====== AVAILABLE DATA ======

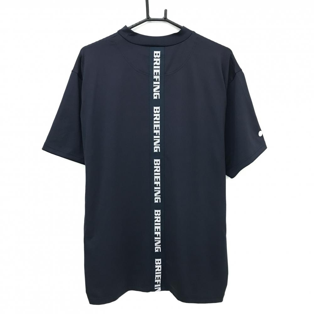 【超美品】ブリーフィング 半袖ハイネックシャツ ネイビー×白 胸ロゴ 後ろロゴライン メンズ L ゴルフウェア BRIEFING
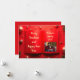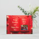 Design élégant de carte photo de Noël avec un arrière - plan rouge vif avec des ornements dorés, des branches de pin festives et un cadre photo centré sur un plan de style livre ouvert. Personnalisable avec votre nom de famille et votre année, cette carte de voeux de vacances est parfaite pour envoyer des voeux de Noël joyeux à des amis et à des proches. Un magnifique mélange de minimalisme moderne et de charme de Noël intemporel.
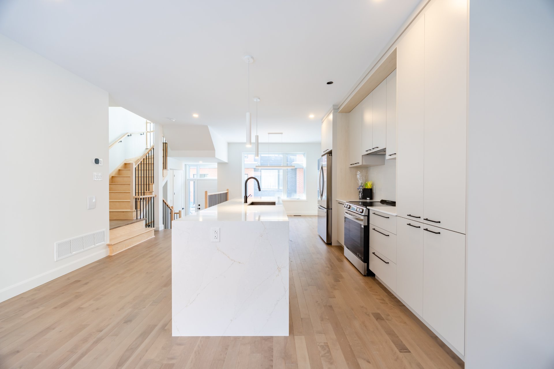 Brand-New Townhouse -- High-End Upgrades | 1960 Cloutier, Brossard Beautiful new construction middle-unit townhouse located in a luxury sector of Brossard. Offering 3 bedrooms, 2 bathrooms upstairs, a finished basement, and central AC. Built with high-end materials and many upgrades, this home is clé en main and ready to move in. Just a short walk to schools and parks -- an ideal choice for families!
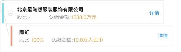 此外最值得关注的是,股东北京最陶然为徐峥夫人陶虹个人100%出资的企业。
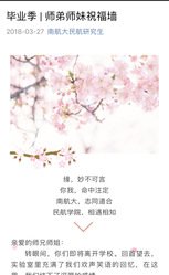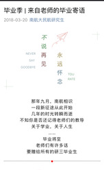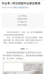 研究生三年的学习生涯中,每一步前行都离不开老师的引领与指导,每一份师生情都是最值得珍藏的记忆。毕业季,学院以师生情为主题开展了“毕业联播”系列活动,活动涵盖“来自老师的毕业寄语”、“毕业感言集锦”、“毕业祝福墙”三个子活动,通过语言文字、视频,记录毕业生们在二次元 三年研途生活的点滴过往。“来自老师的毕业寄语”活动,邀请各专业老师对即将毕业的2018届研究生们书写毕业寄语,劝勉毕业生在未来的人生道路上不畏失败、敢于拼搏。“毕业感言集锦”活动,通过手写明信片的形式,记录每一位毕业生三年民航生活的研途感悟和对南航校园生活的不舍,表达毕业生们与民航师生三年朝夕相伴的师生情,民航情;“毕业祝福墙”活动,邀请研一、研二的同学们将心中想对毕业师兄师姐说的话录制成视频,分享与师兄师姐朝夕相处的感动,送上最暖的祝福,并将视频拼接成一面“毕业祝福墙”,为即将离别南航生活的毕业生们送上最真挚的祝福。
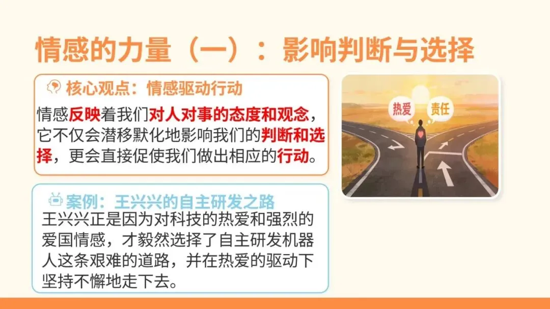 影响判断与选择,驱动行动:情感反映态度和观念,促使我们做出相应行动(如王兴兴因爱国和热爱选择自主研发);
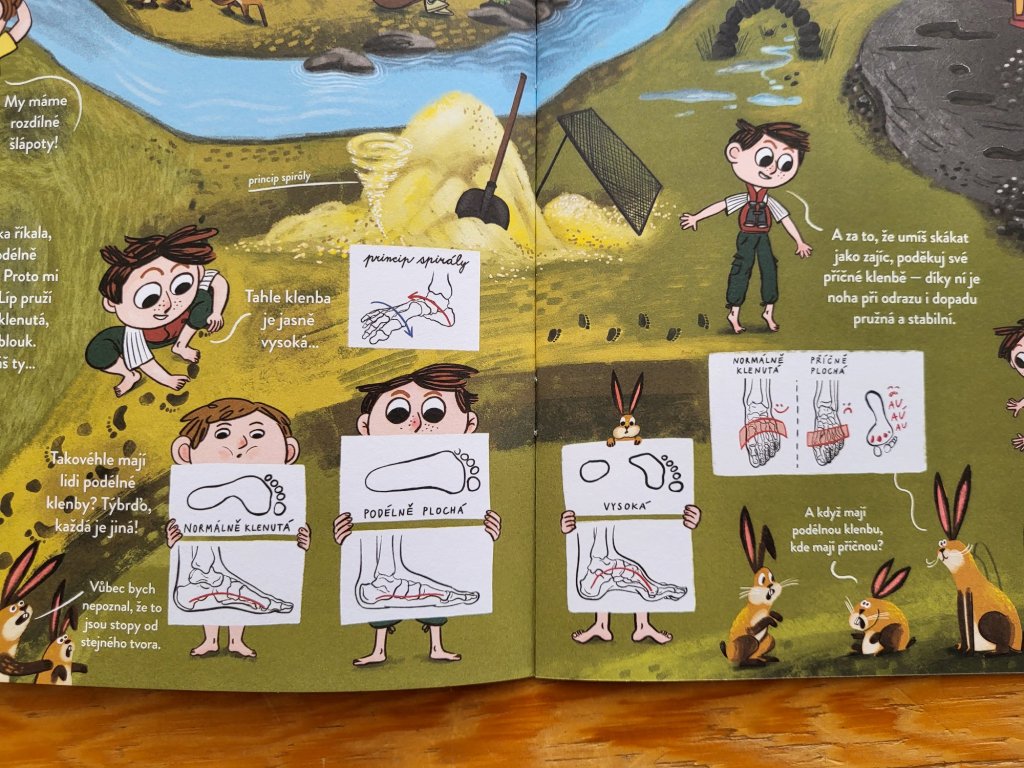 Obrázková publikace zkušené podiatričky Jany Vaškové seznamuje čtenáře hravě a nenásilnou formou s tím, jak nohy ovlivňují fungování celého těla, proč nás někdy bolí, jak se správně obout a proč je dobré občas chodit naboso. Součástí knihy jsou interaktivní prvky — QR kódy nabízejí doplňující animace a videa s cvičením, které lze zahrnout do každodenní rutiny doma či ve školce. Příručka se tak stane dobrým pomocníkem nejen rodičů, ale i pedagogických pracovníků, kteří se s problematikou zdravých nohou u dětí potýkají denně.
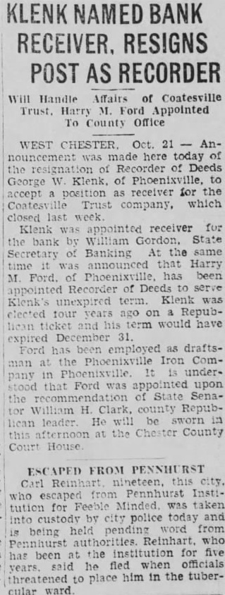 KLENK NAMED BANK RECEIVER. RESIGNS POST AS RECORDER Will Handle Affairs of Coatesville Trust. Harry Ford Appointed To County Office WEST CHESTER Oct. 21 Anhere today of Recorder of Deeds George W. Klenk. of Phoenixville, to accept position as receiver for the Coatesville Trust company, which closed last Klenk appointed receiver for William State Secretary of Banking the same time announced that Harry Ford. has been appointed Deeds unexpired term. Klenk was Klenk's elected years ago on Republican ticket and his term would have expired December 31. Ford has as draftsthe Phoenixville Iron Company underthat Ford was upon the of State SenaWilliam H. Clark, county Republeader He will be sworn lican at the Chester County Court House ESC FROM PENNHURST Pennhurst Instiwho for Feeble Minded. was taken into custody by city police today and held pending word from being Pennhurst authorities. Reinhart. who has been the institution for five said he fled officials years. threatened to place him in the tubercular ward.
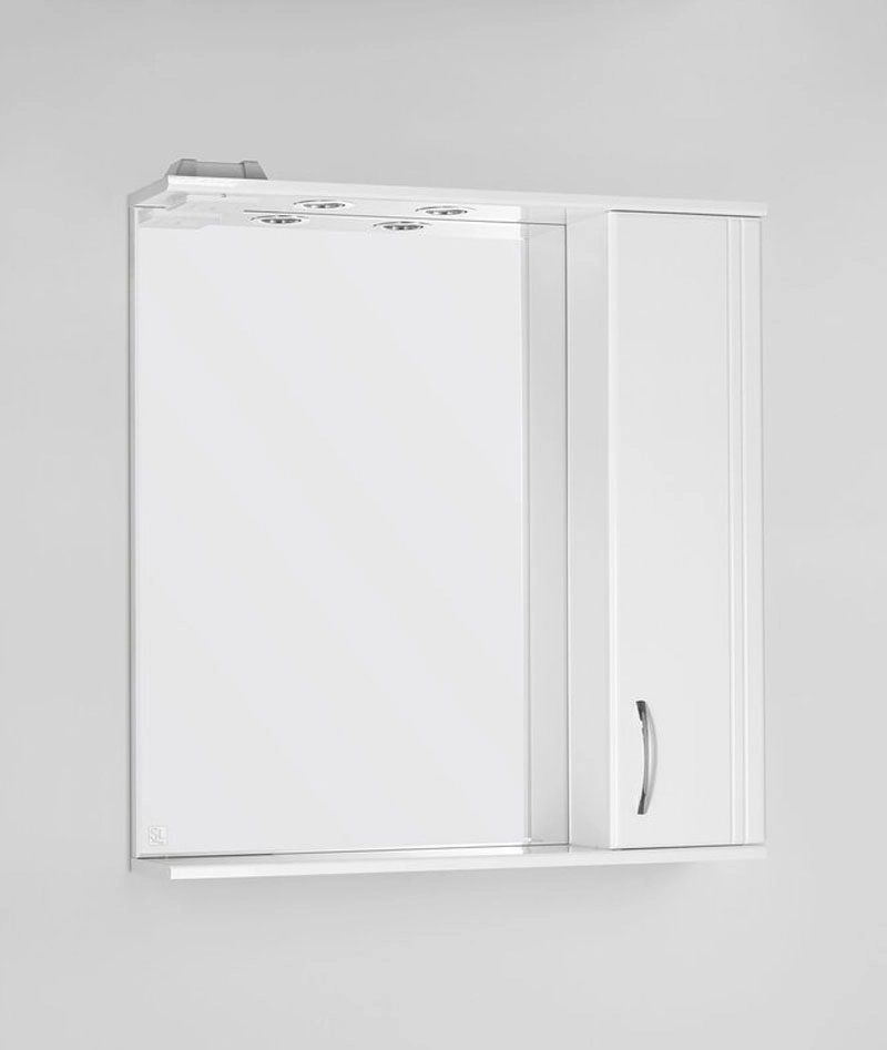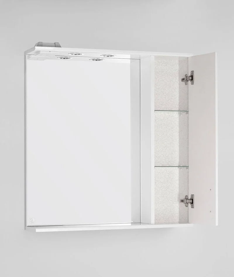 Зеркало-шкаф бренда "Style Line" коллекции "Панда 75/С" с высокоточной обработкой кромки фацетом и подсветкой. Фурнитура - хром. Кромка зеркала "Панда 75/С" зашлифована, что защищает от порезов. Лазерная гравировка фирменного логотипа. Край полочек имеет трапецевидную еврокромку. Эксклюзивный декор "Луино" - ламинация внутренней стороны изделия

======

■ **INSTRUCTIONS FOR THE TASK**: Which part of the entries opens with the line containing "影响判断与选择,驱动行动:情" and closes with the line containing "Obrázková publikace zkušené"? Output that part exactly, ends included, pictures excluded.

■ **RESPONSE**:
 影响判断与选择,驱动行动:情感反映态度和观念,促使我们做出相应行动(如王兴兴因爱国和热爱选择自主研发);
 Obrázková publikace zkušené podiatričky Jany Vaškové seznamuje čtenáře hravě a nenásilnou formou s tím, jak nohy ovlivňují fungování celého těla, proč nás někdy bolí, jak se správně obout a proč je dobré občas chodit naboso. Součástí knihy jsou interaktivní prvky — QR kódy nabízejí doplňující animace a videa s cvičením, které lze zahrnout do každodenní rutiny doma či ve školce. Příručka se tak stane dobrým pomocníkem nejen rodičů, ale i pedagogických pracovníků, kteří se s problematikou zdravých nohou u dětí potýkají denně.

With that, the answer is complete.